You may also wish to explore some other more basic statistics in the trace, such as the following:
Plot and/or summarize some of these features below.
import arrow
ldf['timestamp'] = ldf.apply(lambda row: arrow.get(row['Time']).timestamp(), axis=1)
ldf['iat'] = ldf['timestamp'].diff() * 1000
ldf['iatcdf'] = ldf['iat'].rank(method = 'max', pct = True)
ldf.sort_values('iat').plot(x = 'iat', y = 'iatcdf', grid = False, legend = None)
plt.ylabel('CDF')
plt.xlabel('IAT (milliseconds)')
plt.xscale('log')
plt.show()
hdf['timestamp'] = hdf.apply(lambda row: arrow.get(row['Time']).timestamp(), axis=1)
hdf['iat'] = hdf['timestamp'].diff() * 1000
hdf['iatcdf'] = hdf['iat'].rank(method = 'max', pct = True)
hdf.sort_values('iat').plot(x = 'iat', y = 'iatcdf', grid = False, legend = None)
plt.ylabel('CDF')
plt.xlabel('IAT (milliseconds)')
plt.xscale('log')
plt.show()
In general, as we design classification or prediction algorithms, we seek features (and representations of features) that distinguish normal activity from malicious activity.
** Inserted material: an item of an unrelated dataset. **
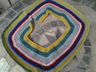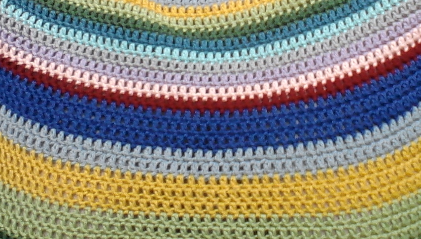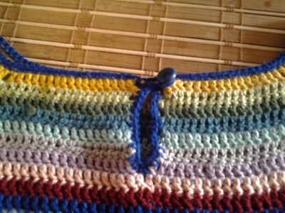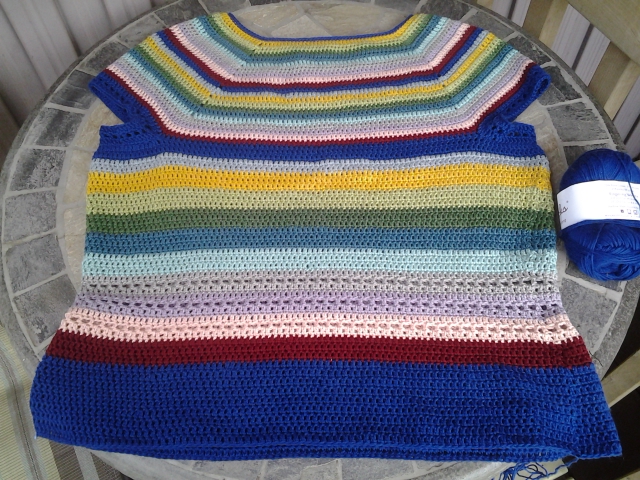 Ce n’est pas important mais j’ai fait des rayures, c’était moins ennuyant (trop simple, ça m’ennuie). Beaucoup de rayures avec beaucoup de couleurs! Des fines (un rg seulement) et des plus larges (3 rgs).

It's important that the features are characteristic of fundamental differences in the two behaviors, rather than simply characteristics of the dataset.
An example of an inappropriate feature, for example, would be the time of day. These two traces were gathered at different dates and times, but normal traffic (and Log4j scans) can occur at any date or time. Thus, time would not make a robust feature.
Can you think of other features that might separate the two datasets but not make good features?
Which features do you think would make good features? Why or why not?